Welcome to the Center for Non-Communicable Diseases

Non-Communicable Diseases such as coronary heart diseases, diabetes mellitus, liver diseases, kidney diseases and cancers are the leading cause of disability and death worldwide. Burden on health due to these disorders is particularly increasing in developing countries, particularly among the 1.5 billion people in South Asia. The Center for Non-Communicable Diseases (CNCD), Pakistan is an independent research institute that is conducting detailed investigations to identify genetic, lifestyle and blood based factors that cause these disorders.
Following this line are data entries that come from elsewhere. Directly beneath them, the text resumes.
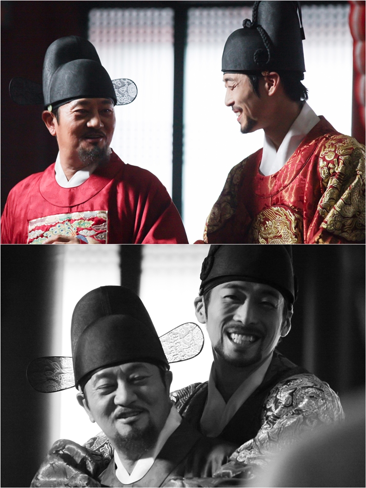'화정' 측은 최근 iMBC ‘화정’ 공식 홈페이지를 통해 김재원(인조 역)과 박준규(김류 역)의 화기애애한 모습을 담은 촬영장 비하인드 스틸을 공개했다.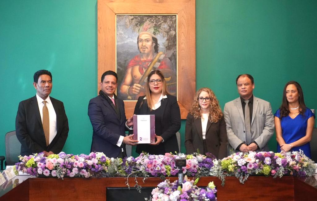 En el Salón Verde del Recinto Legislativo, las diputadas Mónica Sánchez Angulo y Marcela González Castillo, presidentas de la Mesa Directiva y de la Junta de Coordinación y Concertación Política, respectivamente, recibieron el documento que contiene los avances y logros de la actual administración estatal, a dos años de ejercicio legal, de manos del titular de la Secretaría de Gobierno, Luis Antonio Ramírez Hernández, en su calidad de representante personal de la Gobernadora Constitucional del Estado de Tlaxcala, Lorena Cuéllar Cisneros.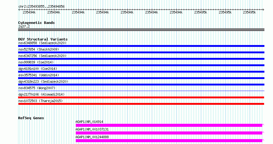 Variant DetailsVariant: nsv1072503| Internal ID | 19322946 | | Landmark | | | Location Information | | | Cytoband | 2q37.2 | | Allele length | | Assembly | Allele length | | hg38 | 1002 | | hg19 | 1002 |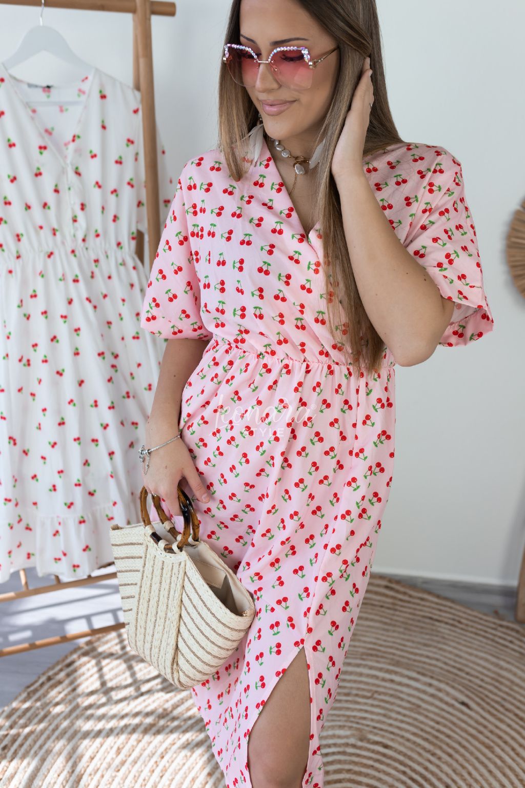 Tento model šatů má pohodlný, splývavý midi střih a je vyroben z lehkého, příjemného materiálu vhodného pro celodenní nošení. Na první pohled zaujme jemným motivem drobných třešní, který působí něžně. Šaty mají véčkový výstřih, který je praktický i pro kojení, a v pase jsou řešeny pružnou gumou, díky které se přizpůsobí postavě. Polodlouhé rukávy dodávají modelu vzdušnost a pohodlí a zakryjí ramena. Midi délka spolu s rozparkem na boku zajišťuje komfort při chůzi a zároveň podtrhuje lehkost celkového vzhledu.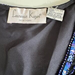 Vintage Sequined Top 100% Silk Blouse Glam Laurence Kazar Black Blue Size 1X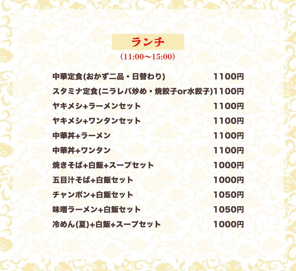 - 11:00~15:00 (料理L.O. 14:30 ドリンクL.O. 14:30)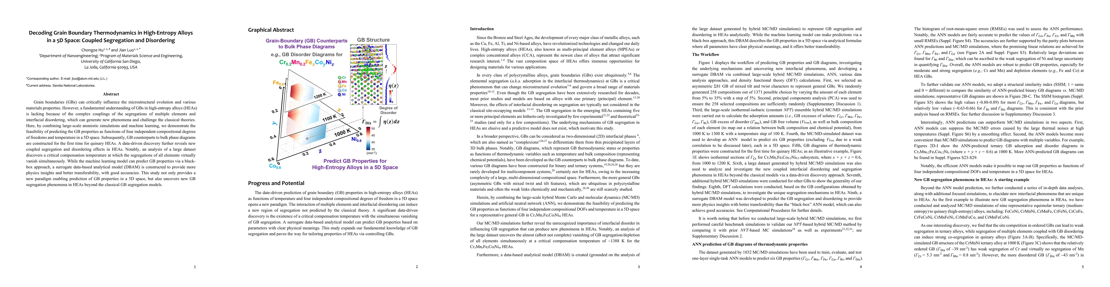 Grain boundaries (GBs) can critically influence the microstructural evolution and various materials properties. However, a fundamental understanding of GBs in high-entropy alloys (HEAs) is lacking because of the complex couplings of the segregations of multiple elements and interfacial disordering, which can generate new phenomena and challenge the classical theories. Here, by combining large-scale atomistic simulations and machine learning, we demonstrate the feasibility of predicting the GB properties as functions of four independent compositional degrees of freedoms and temperature in a 5D space. Subsequently, GB counterparts to bulk phase diagrams are constructed for the first time for quinary HEAs. A data-driven discovery further reveals new coupled segregation and disordering effects in HEAs. Notably, an analysis of a large dataset discovers a critical compensation temperature at which the segregations of all elements virtually vanish simultaneously. While the machine learning model can predict GB properties via a black-box approach, a surrogate data-based analytical model (DBAM) is constructed to provide more physics insights and better transferability, with good accuracies. This study not only provides a new paradigm enabling prediction of GB properties in a 5D space, but also uncovers new GB segregation phenomena in HEAs beyond the classical GB segregation models.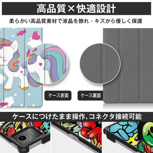 ■タブレットPCの薄さと重さを損なわないよう薄型・軽量設計のPUレザーケース!表は汚れや傷に強い良質PUレザー、裏地は触り心地の良い柔らかい素材(マイクロファイバー)を使用しており、タブレットPCを優しく守ってくれます。 ■カメラ撮影や各種ボタン操作、イヤホンの差し込み等はケースを閉じたままでも可能ですので、使い勝手も抜群です。 ■動画視聴、タイピングや読書に便利な2パターンスタンド機能がついておりますのでお好みの角度で楽しむことができます。 ■ケースの開閉はマグネット式なので、片手で簡単に開閉できます。また蓋がパカパカと開いててしまうことがありません。 ■オートスリープ機能付で無駄なバッテリー消費を防ぎます。 |

In-particular, CNCD has already collected various biological specimens (including DNA, serum, and plasma) and recorded extensive lifestyle, clinical and demographic information from > 65,000 participants enrolled from thirteen urban sites in Pakistan. CNCD has a staff of > 80 which includes medical physicians, laboratory research associates, field nurses, and data-entry operators. Our aim is to investigate these complex disorders through a multi-disciplinary approach by integrating clinical epidemiology, genomics, proteomics and experimental biology:

Clinical Epidemiology CNCD has designed, optimized and validated instruments that are tailored to the local Pakistani population. We are able to record reliably information on personal and medical history, consanguinity or marriages among relatives, tobacco consumption, physical activity, anthropometry, socio-economic status, depression, anxiety level, and dietary habits. Our health physicians working in the field have all been trained extensively to document or conduct specific clinical investigations relevant to different clinical studies (such as conducting trans-cranial Doppler imaging studies, digitally archiving CT-scans and ECG traits).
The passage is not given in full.